Exercise: All that belongs in the answer is the lines from the one containing "Спаренная башня из" to the end of the listing below, copied exactly, pictures excluded.

The data:
——————————

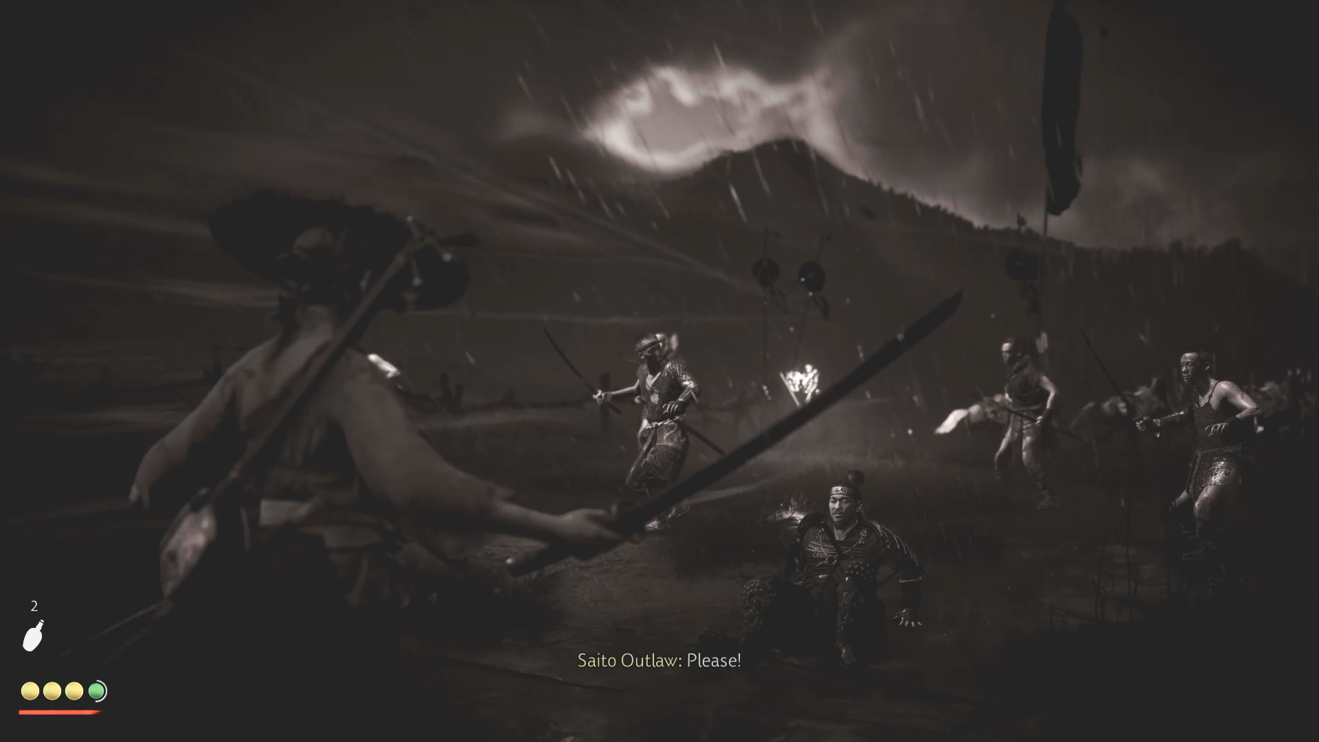 After the Standoff, multiple waves of Saito’s outlaws will assault you. Use your standard moves (light, heavy attacks, dodge, block) to survive.
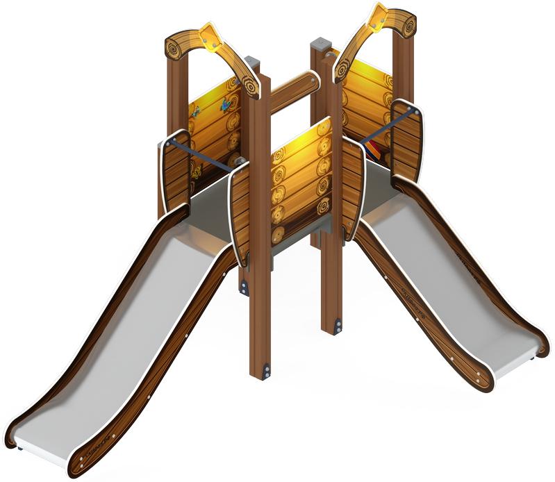 Спаренная башня из шести клеёных брусьев 100х100 мм высота 2200 мм-2 шт., 2000 мм 2шт, 1700 мм-1 шт и 1500 мм-1 шт; полы из ламинированной фанеры, расположены в двух уровнях с анти-скользящим покрытием, габарит 780х780мм толщиной 18мм. Башня украшены декоративными арками. Кромки фанеры тщательно шлифованы. Отметка пола башен от планировочной отметки площадки 750 и 900 мм
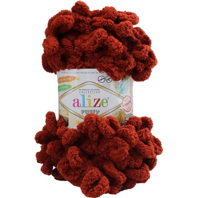 příze Puffy 597 pálená cihla. Silná žinylková příze s velkými oky pro pletení na rukou. Barva: pálená cihla. Složení: 100% mikropolyester. Návin: cca 9 m. Hmotnost: 100...
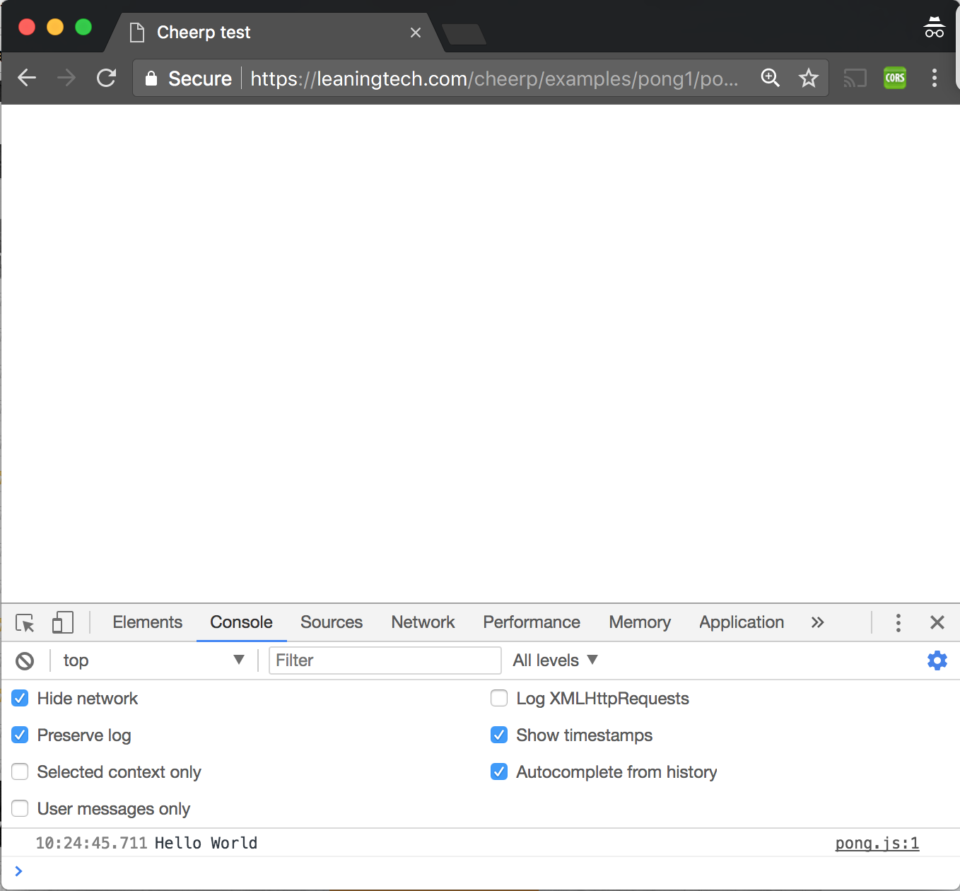 This command will generate two files: a JavaScript loader (pong.js) and a WebAssembly binary (pong.wasm). We will need both files to run the application on a browser. When using Cheerp in mixed-output mode, the JavaScript output will also include all the JavaScript output code, which will be normally used to interact with the DOM or any external JavaScript library.

——————————

Task response:
 Спаренная башня из шести клеёных брусьев 100х100 мм высота 2200 мм-2 шт., 2000 мм 2шт, 1700 мм-1 шт и 1500 мм-1 шт; полы из ламинированной фанеры, расположены в двух уровнях с анти-скользящим покрытием, габарит 780х780мм толщиной 18мм. Башня украшены декоративными арками. Кромки фанеры тщательно шлифованы. Отметка пола башен от планировочной отметки площадки 750 и 900 мм
 příze Puffy 597 pálená cihla. Silná žinylková příze s velkými oky pro pletení na rukou. Barva: pálená cihla. Složení: 100% mikropolyester. Návin: cca 9 m. Hmotnost: 100...
 This command will generate two files: a JavaScript loader (pong.js) and a WebAssembly binary (pong.wasm). We will need both files to run the application on a browser. When using Cheerp in mixed-output mode, the JavaScript output will also include all the JavaScript output code, which will be normally used to interact with the DOM or any external JavaScript library.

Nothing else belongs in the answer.